No one noticed Shayne slip out of the house and hurry back to the Boulevard and Rourke’s car with the key in the ignition where the reporter always left it. He got in and started the motor and drove south toward the Causeway to Miami Beach.

THIRTEEN

The Jai Alai Club on South Miami Beach was, like Las Putas Buenas on the Miami riverfront, almost exclusively patronized by a Spanish-speaking clientele, but there the resemblance ended.

The Jai Alai Club was quiet, well-run, and orderly. There was a small bar, it is true, but it dispensed mostly cerveza. There were two well-patronized billiard tables in front, and ranged along the wall toward the back were a series of small tables where chess, checkers and card games were quietly enjoyed by players who could toy with a single glass of beer for an hour without being noticeable.

It was eleven-thirty when Michael Shayne walked into the Club. Both billiard tables were in use, and most of the tables toward the rear had occupants.

Shayne walked back past the bar slowly, noticing that most of the patrons were middle-aged and well- dressed, and that none of them did more than glance at him incuriously as he passed by.

A middle-aged and very fat Cuban sat with an alert young companion at the last table in the rear. They weren’t playing any game, nor did they have drinks in front of them. Shayne paused beside their table and said, “I am looking for Senor Alvarez.”

The fat man looked up at him genially, though his eyes were cobra-bright. “Your name, Senor?”

“Michael Shayne.” The rangy detective automatically removed his hat, showing the shock of red hair that was his trademark in the city.

The young man leaned forward and said something quickly and earnestly to the older man in Spanish. He nodded and said, “You are expected, Senor. The first door on the left.”

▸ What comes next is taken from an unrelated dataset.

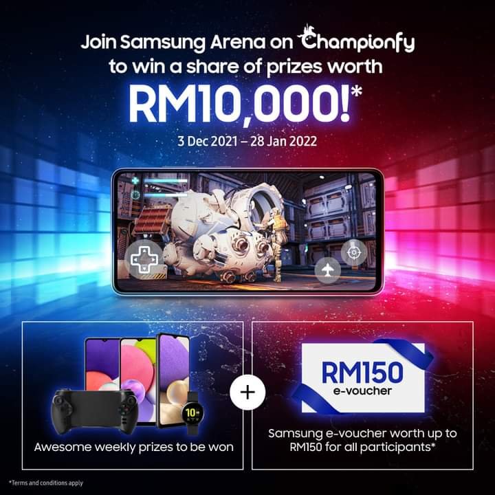 Gemar menghabiskan masa lapang anda dengan bermain permainan video yang menyeronokkan? Ia bakal menjadi lebih seronok bagi anda kerana minggu ini, Samsung mengumumkan kolaborasi mereka bersama platform Esports terkemuka, Championfy. Para pemain akan berpeluang untuk memenangi e-baucar bernilai sehingga RM150 berserta hadiah mingguan apabila mereka menyertai pertandingan di Samsung Arena dari 3 Disember 2021 hingga 28 Januari 2022.

Shayne went to the first door on the left and opened it. A slender, dapper, brown-faced man sat alone at a table in the center of the small room. He had sensitive, intelligent features, and very even, white teeth which he showed in a pleasant smile when he recognized his visitor. “Mr. Shayne.” His voice was clipped and betrayed no trace of an accent. For many years before the advent of Castro he had been employed as Cuban correspondent and feature writer for one of the American wire services, but his laudatory accounts of the revolutionary policies had earned him disfavor and he had been recalled soon after Castro took over.

His resignation had followed, and he had established himself in Miami as the center of a conservative, pro- Castro group, which utilized every means in its power to combat the growing anti-Castro sentiment in the United States that was constantly being fomented by the right-wing press.

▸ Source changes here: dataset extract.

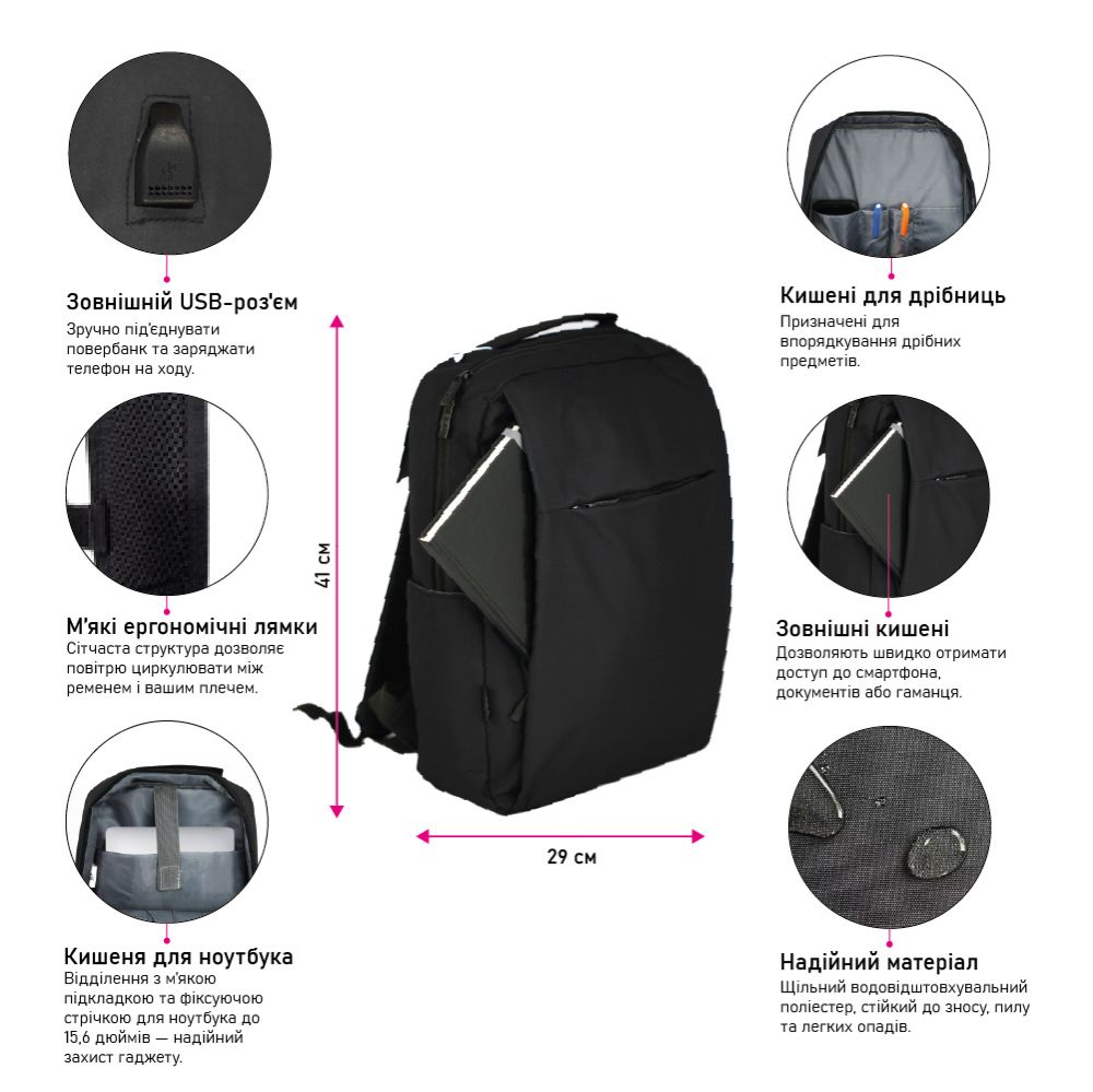 - Оптимальний об’єм — вміщує ноутбук, планшет, книги, пляшку з водою та інше.

Shayne had met him twice in the company of Timothy Rourke, who had known him intimately for more than a decade, and he had formed a high opinion of his intelligence and his personal integrity. Now, Alvarez stood up to lean across the table and shake hands warmly, “How is our good friend, Timothy Rourke?”

“Tim’s fine.” Shayne sat down and began without preamble, “I need some straight information fast. Do you trust me enough to answer some pertinent questions without asking why?”

“I think I trust any friend of Tim Rourke’s,” Alvarez told him gravely.

“I know that you’re closely in touch with the Castro supporters here. What do you know about the activities of Julio Peralta?”

“Peralta is a question-mark, Mr. Shayne. I do not trust him.”

“He is working for Castro. Using his own money to buy arms to ship over for the movement.”

“Is he, Mr. Shayne?”

“Isn’t he?” Shayne asked in astonishment.